Vision Transformers (ViTs) have revolutionized the field of computer vision, yet their deployments on resource-constrained devices remain challenging due to high computational demands. To expedite pre-trained ViTs, token pruning and token merging approaches have been developed, which aim at reducing the number of tokens involved in the computation. However, these methods still have some limitations, such as image information loss from pruned tokens and inefficiency in the token-matching process. In this paper, we introduce a novel Graph-based Token Propagation (GTP) method to resolve the challenge of balancing model efficiency and information preservation for efficient ViTs. Inspired by graph summarization algorithms, GTP meticulously propagates less significant tokens' information to spatially and semantically connected tokens that are of greater importance. Consequently, the remaining few tokens serve as a summarization of the entire token graph, allowing the method to reduce computational complexity while preserving essential information of eliminated tokens. Combined with an innovative token selection strategy, GTP can efficiently identify image tokens to be propagated. Extensive experiments have validated GTP's effectiveness, demonstrating both efficiency and performance improvements. Specifically, GTP decreases the computational complexity of both DeiT-S and DeiT-B by up to 26% with only a minimal 0.3% accuracy drop on ImageNet-1K without finetuning, and remarkably surpasses the state-of-the-art token merging method on various backbones at an even faster inference speed. The source code is available at https://github.com/Ackesnal/GTP-ViT.

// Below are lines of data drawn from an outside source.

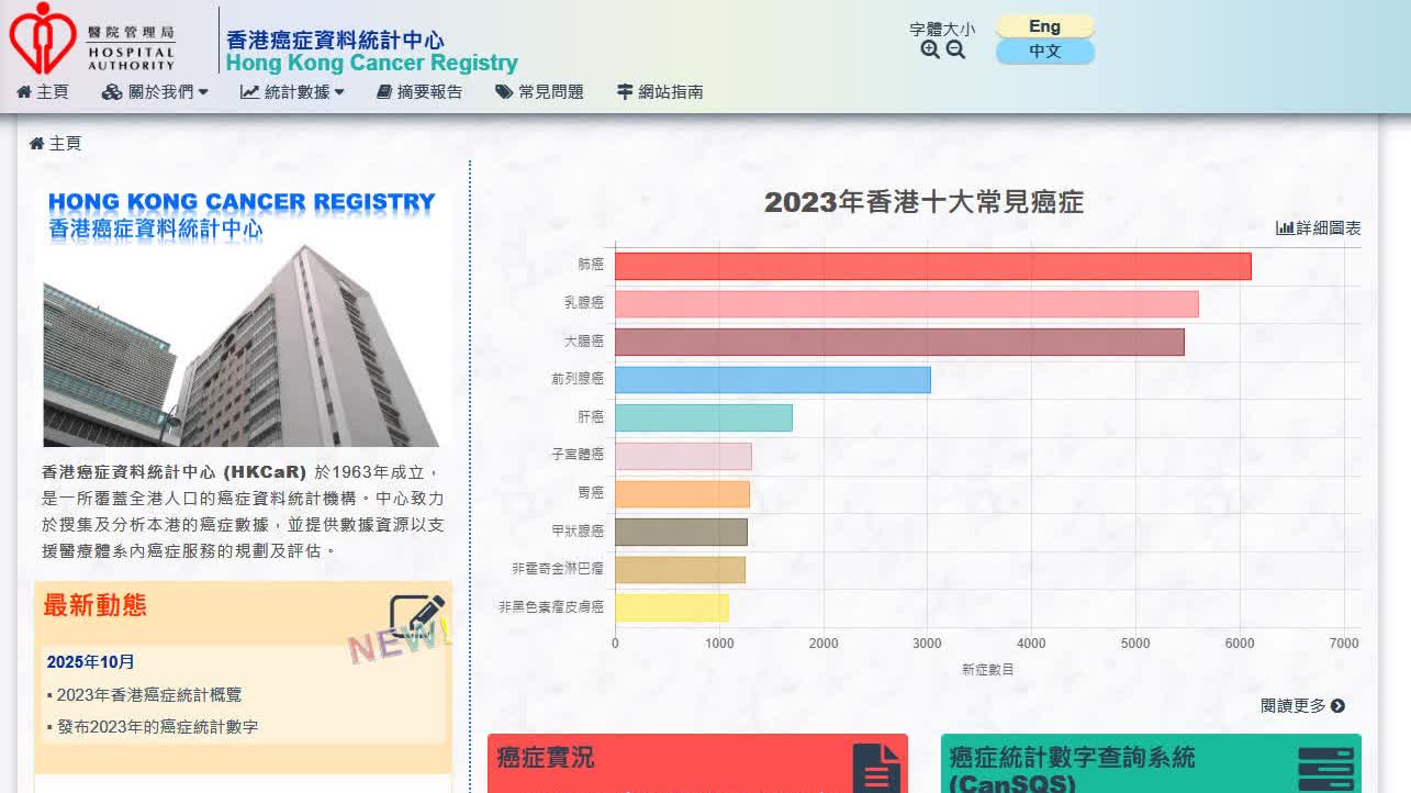 2023年整體癌症新症的人數中,女性佔19297宗,多過男性的18658宗。2023年香港有14867人因癌症離世,佔全港整體死亡人數26.2%。十大致命癌症中,肺癌排首位,其次是大腸癌和肝癌,排第四和第五分別就是胰臟癌和乳腺癌。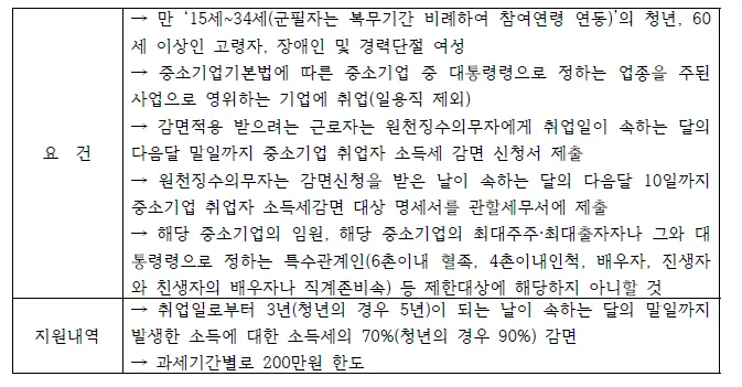 청년 및 취약계층의 중소기업 취업 유인 제고를 위하여 청년 등이 일정요건을 충족하는 중소기업에 취업하는 경우 취업일로부터 3년(5년)이 되는 날이 속하는 달의 말일까지 발생한 소득에 대한 소득세의 일정률을 감면하는 제도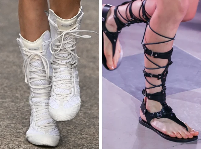 Сандалии-гладиаторы и высокие кроссовки снова с нами. Да, выглядят они смело — но в моде же главное не бояться. Боксерский стиль и отсылки к античности возвращаются медленно, но уверенно. Примерь — и, кто знает, может, именно эта пара станет твоей любимой.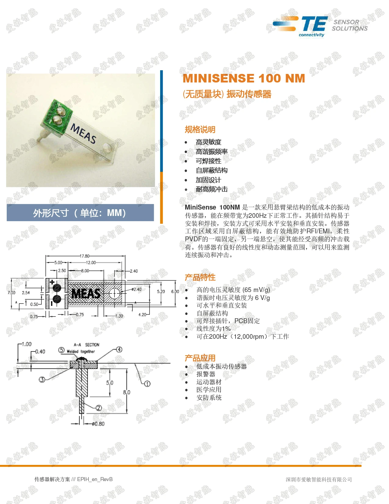 MiniSense 200 нм-это недорогой консольный датчик вибрации, способный работать на ширине диапазона частот Гц. Конструкция штифта проста в установке и сварке, а метод установки может применять горизонтальную и вертикальную установку. Рабочая зона датчика имеет функцию самозащиты, Который может эффективно защитить RFI/EMI. Один конец гибкого PVDF зафиксирован, а другой подвешен, что позволяет ему выдерживать высокочастотные ударные нагрузки. Датчик обладает хорошей линейностью и динамическим диапазоном измерения и может использоваться для контроля непрерывной вибрации и ударов.

翻译：视觉Transformer（ViTs）已彻底变革计算机视觉领域，但其在资源受限设备上的部署仍因高计算需求而面临挑战。为加速预训练ViTs，研究者开发了令牌剪枝与令牌合并方法，旨在降低参与计算的令牌数量。然而，这些方法仍存在局限性，例如被剪枝令牌导致的图像信息丢失以及令牌匹配过程中的低效性。本文提出了一种新颖的基于图的令牌传播（Graph-based Token Propagation, GTP）方法，以解决高效ViTs中模型效率与信息保留之间的平衡难题。受图摘要算法启发，GTP精心地将次要令牌的信息传播至空间与语义上关联性更强的关键令牌。最终，保留下的少量令牌作为整个令牌图的摘要，使方法在降低计算复杂度的同时保留被消除令牌的关键信息。结合创新性的令牌选择策略，GTP能够高效识别需传播的图像令牌。大量实验验证了GTP的有效性，其在效率与性能上均展现出提升。具体而言，GTP在无需微调的情况下，将DeiT-S与DeiT-B的计算复杂度降低高达26%，且在ImageNet-1K上仅造成0.3%的精度下降，同时以更快的推理速度显著超越现有最先进的令牌合并方法。源代码已发布于https://github.com/Ackesnal/GTP-ViT。